Ramillete espiritual:
El 1 de febrero
Si de la vida de este gran mártir de Jesucristo sabemos poco hasta que llega su peregrinaje desde Antioquía hasta Roma, sí que en cambio conocemos siete hermosísimas cartas que suplen sobradamente la carencia de datos de su juventud y mocedad hasta que llega a ser el Obispo de Antioquía.
El emperador Trajano que ha vencido a varios pueblos enemigos del imperio Romano, se siente orgulloso y decide luchar contra otros enemigos de más allá y en una de sus correrías llega hasta Antioquía para preparar su campaña contra Armenia y los Partos.
Ignacio añadió a su nombre el sobrenombre de Theophoros o partador de Dios y así las Actas y otros documentos suelen siempre darle estos dos nombres: Ignacio Theophoro.
Sin ser llamado, al enterarse de que el emperador está en Antioquía se presenta ante él para defender a sus cristianos y entre ambos se desliza este diálogo. Le pregunta Trajano:
«¿Quién eres tú, demonio mísero, que tanto empeño pones en transgredir mis órdenes y persuades a otros a transgredirlas, para que míseramente perezcan?
- Nadie, respondió con valentía Ignacio, puede llamar demonio mísero al portador de Dios, siendo así que los demonios huyen de los siervos de Dios. Mas, si por ser yo aborrecible a los demonios, me llamas malo contra ellos, estoy conforme contigo, pues teniendo a Cristo, rey celeste, conmigo, deshago todas las asechanzas de los demonios. ¿Quién es el Theophoros o portador de Dios? replicó con energía y curiosidad el emperador.
- El que tiene a Cristo en su pecho, contestó con más energía aún Ignacio...»
Algunos han visto en Ignacio al niño que Jesús tomó en Sus brazos y dijo de él: «Cualquiera que se humillare como este niño será mayor en el reino de los cielos». Pero no hay razón apodíctica para probarlo. Lo cierto es que, gracias a su martirio, conocemos su gran personalidad. Como alguien ha escrito: «La densa oscuridad que rodea la vida y acción de Ignacio, es iluminada hacia el fin de su vida, con viva aunque fugaz ráfaga de luz. Si su martirio no le hubiera sacado de la obscuridad, nada nos hubiera quedado de él»... Pero sus siete cartas que escribe a lo largo de su itinerario hacia el Coliseo de Roma, donde morirá por Cristo, son un monumento que descubre al hombre recio y enamorado como pocos por Jesucristo.

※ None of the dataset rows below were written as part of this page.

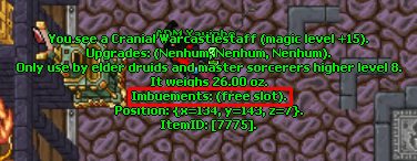 Após abrir um slot, ficará a descrição em seu item: Imbuements: (Free Slot)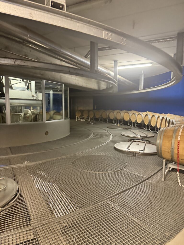 L’architettura della cantina, progettata nel 1995, riflette l’approccio ecologico dell’azienda, con una struttura a basso consumo energetico costruita con materiali naturali come legno e pietra, e dotata di impianti fotovoltaici e sistemi di recupero del calore .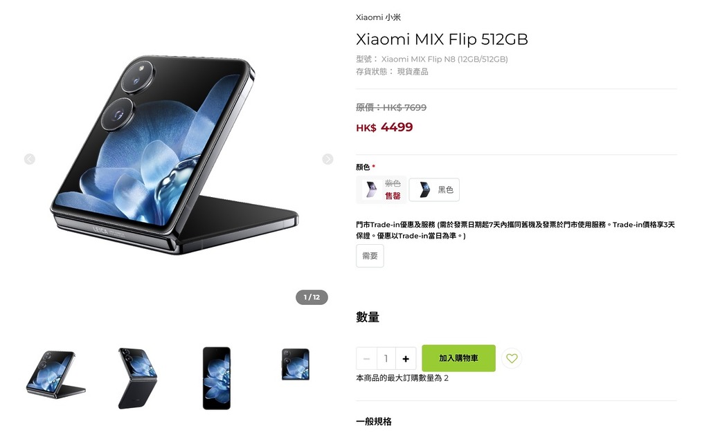 近日有大舖網店推出優惠,Xiaomi MIX Flip 12GB + 512GB 版本從原價 $7,699 大幅降至 $4,499。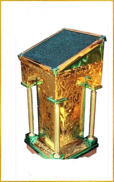 розміри (Д х Ш х В): 55 х 55 х 105 см; чеканка; метал - булат (нержавіюча сталь з напиленням нітриду титану); нерозбірний; кришка - оксамит (меблева тканина); основа аналою: ДСП - 16 мм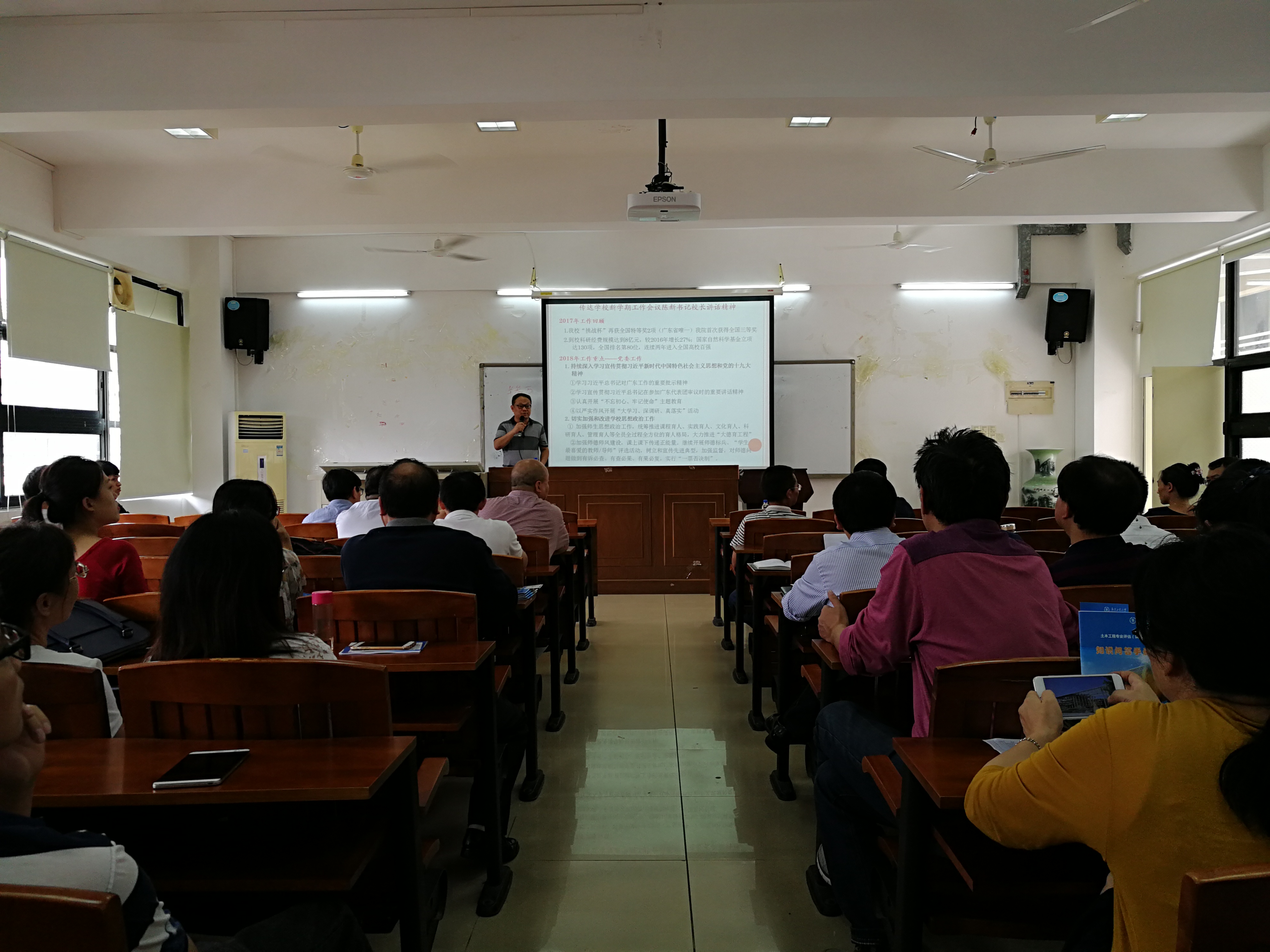学院副院长姜海波做科研工作部署。姜副院长首先小结了上一年度学院科研工作的有关情况,对学院在广东省、广州市科技计划,广东省工程技术研究中心认定申报,广东高校省级重大科研项目认定申报等当中取得成果做了介绍,并重点通报了我院在国家自然科学基金申报、广东省自然科学基金申报中取得的新突破,他要求学院全体科研工作者要有序、稳步推进各在研项目,并及早准备、做好积累,加强学术交流,认真做好下一年度国家自然科学基金申报、省市各级科研计划申报、工程技术研究中心认定申报等准备工作,在质与量上推动学院科研工作再上新台阶。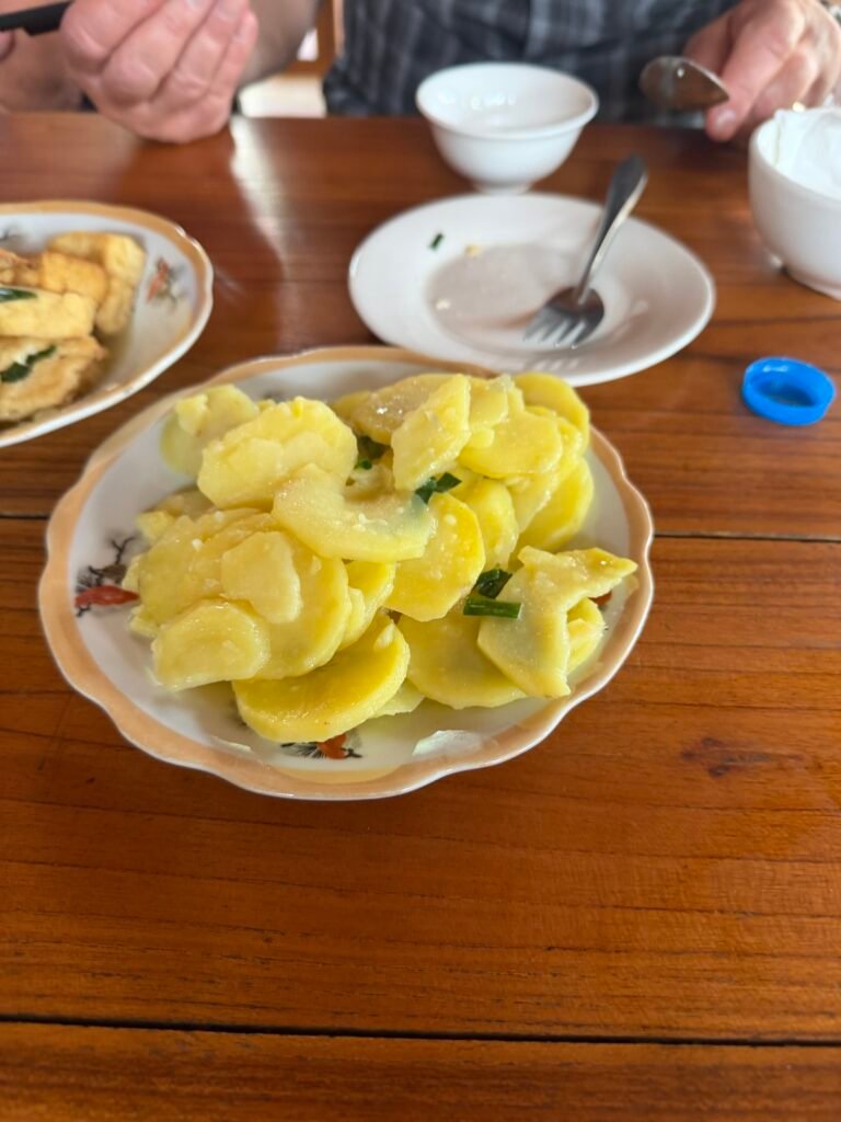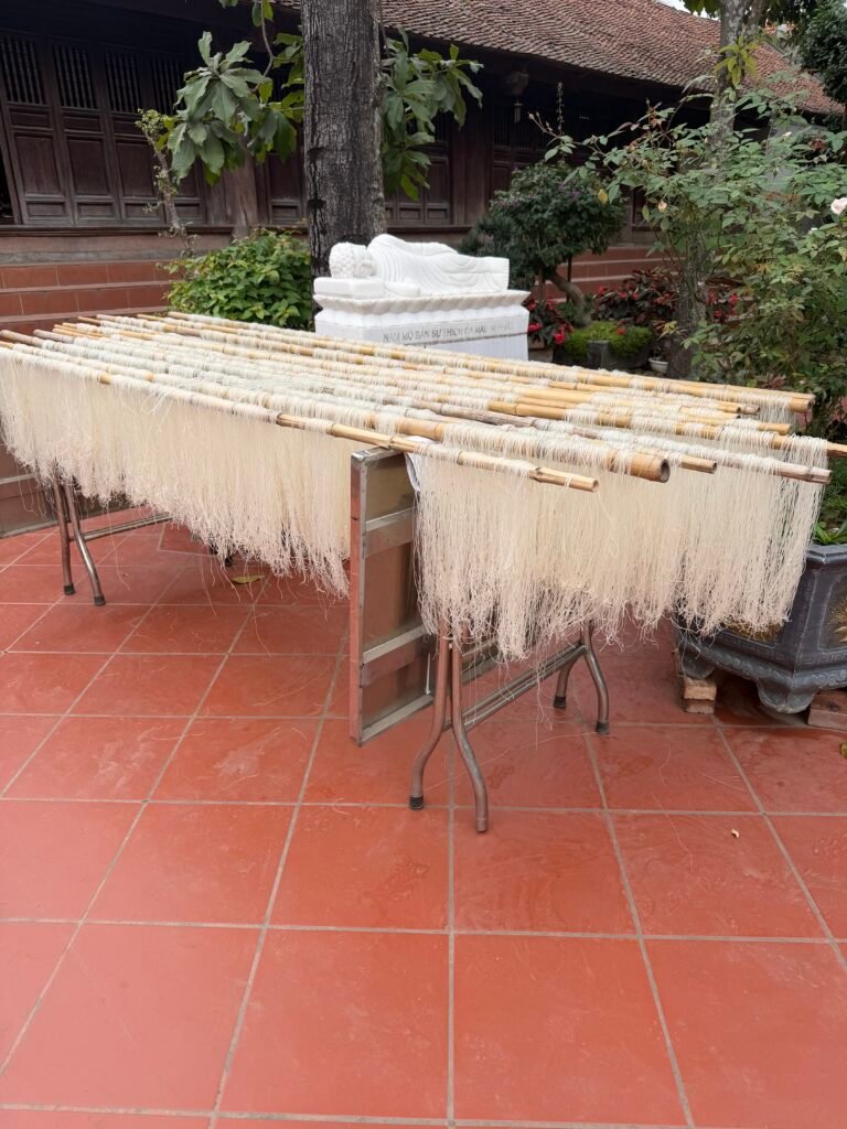 There were large earthenware crocks of fermented soy beans fermenting in the sun and we also saw noodles hanging to dry on racks outside.

Dicen las Actas de su Martirio que aquella bendita Antioquía que había sido regentada por Pedro y Pablo y santificada con la predicación de Bernabé, ahora era regida sabia y santamente por su obispo Ignacio. Por ser cristiano y defensor de los cristianos fue condenado a ser devorado por las fieras en la misma capital del imperio para que sirviera de escarmiento para todos los demás Cristianos. Dicen las Actas: «Ciñóse las cadenas y habiendo rogado por la Iglesia y encomendándola al Señor, como carnero, jefe de hermoso rebaño, fue arrebatado por la furia bárbara de los soldados, para ser llevado a Roma, a ser pasto de las fieras sanguinarias».
Durante el trayecto va corriendo la voz de ciudad en ciudad por donde pasan. Multitudes de cristianos salen a su encuentro para verle y para recibir su bendición. Escribe siete cartas sublimes. Muere por Cristo en el Coliseo de Roma: «Quiero ser trigo en los dientes de las fieras para convertirme en pan de Jesucristo. No me lo impidáis si es que me amáis», grita.
En una de sus hermosas cartas escribe: «Mi amor está crucificado y ya no queda en mí el fuego de los deseos terrenos. Lo que deseo es el pan de Dios, que es la carne de Jesucristo, y la bebida de Su sangre, que es la caridad incorruptible. No quiero ya vivir más la vida terrena». Era el año 107.